All hail King Karl

2006 was a good year for haute couture. It was before all this talk of economic recession and saving your money. People were rich, fabulous, and most importantly; thin and thus were snapping up haute couture like they were a (very wealthy) kid in a candy store. 

Karl Lagerfeld at the helm of Chanel is a genius, a word thrown about too often nowadays, but when describing the Kaiser it is quite true. Chanel is the only HC house that makes a profit off the haute couture, the other houses lost money, but see HC as a large marketing push, inviting the wealthy to spend more money and the not so wealthy to indulge in perfume, lipstick or evne a pair of shoes, so for a mere slice of the cost of HC they, too, can feel like they are part of this fantasy fashion world. 

I'm planning on doing a series of Haute Couture blogs to highlight my favourite shows over the years, and what better way to start with the master and the most beautiful. Chanel Spring 2006 Haute Couture was absolutely, undeniably, incredibly, amazingly breathtaking. well made, historic, lovely pieces were sent out one after the other with not a shocker in sight. Daphne Guinness sat front row nodding her head the whole time and noting down which ones she would like to add to her considerable collection, a documentary was being filmed about 'the secret world of haute couture' (kinmoth, 2007) and Karl was in his element. Namely, lace, tweed, tulle, beading and feathers. Lots and lots of feathers. 
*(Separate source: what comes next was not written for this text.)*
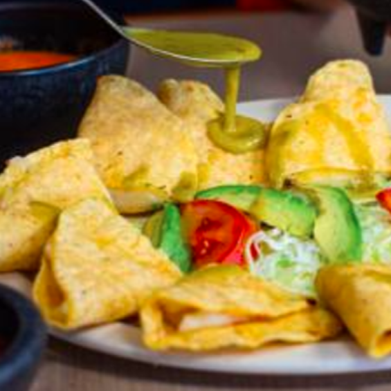 5 FLAUTAS DE POLLO PORCION DE AGUACATE,CREMA LECHUGA TOMATE PAPAS FRITAS Y SALSA
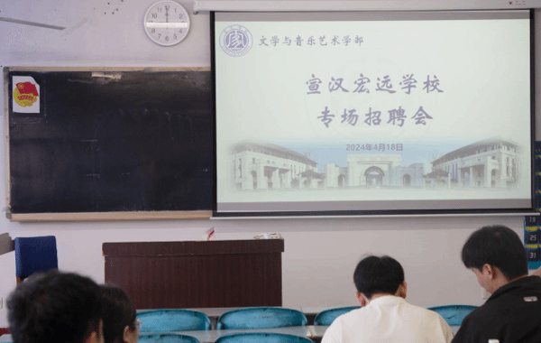 招聘会现场,宣汉宏远学校负责人对学校进行了介绍。他谈到,宣汉宏远学校是一所集小学、初中、高中为一体的川东优质名校,多次获得先进学校表彰,拥有良好的学风、教风,能为青年教师专业成长提供最优质的平台。随后,学校对员工们进行了现场面试。试讲环节中,同学们准备充分,表达流畅,思路清晰,充分展现出了扎实的专业能力。最终,宣汉宏远学校录取文艺学部员工10名,分别为汉语言文学专业5名、音乐学专业4名、舞蹈表演专业1名。

But whilst it was very Karl and you could see his stamp on everything it was also very Chanel. A lot of designers nowadays at the big houses forget that whilst they have to forge their own design aesthetic and identity they also have to stay true to the core of their houses. Alber Elbaz forgot that at YSL but look at him now, reaping the rewards of transforming Lanvin whilst also doing his own thing. Karl manages to be both Fendi Karl and Chanel Karl (as well as Karl Karl), and he never over extends himself. Every piece in the collection was Chanel Karl to a tee. Beautiful crafstmanship and innovative but classic design. Wearable, if couture could be called that.

Did it make me want to buy every piece? It made me wish i had the disposable income of a small african nation. The collection was like a goblet of ice cream with chocolate sauce on top, deliciously sweet and innocent but tempered by the sticky, dense and thick realisation of worldliness and sexuality. I loved it. My favourite couture collection of all time, and one that i would gladly own every single piece of (and wear every day) if body size and money allowed it. 

And he showed almost the whole collection in flats. Now that is class. 

My favourite piece in the entire collection. It took over 150 hours to make the skirt alone, with 25 people applying the feathers. Simply stunning.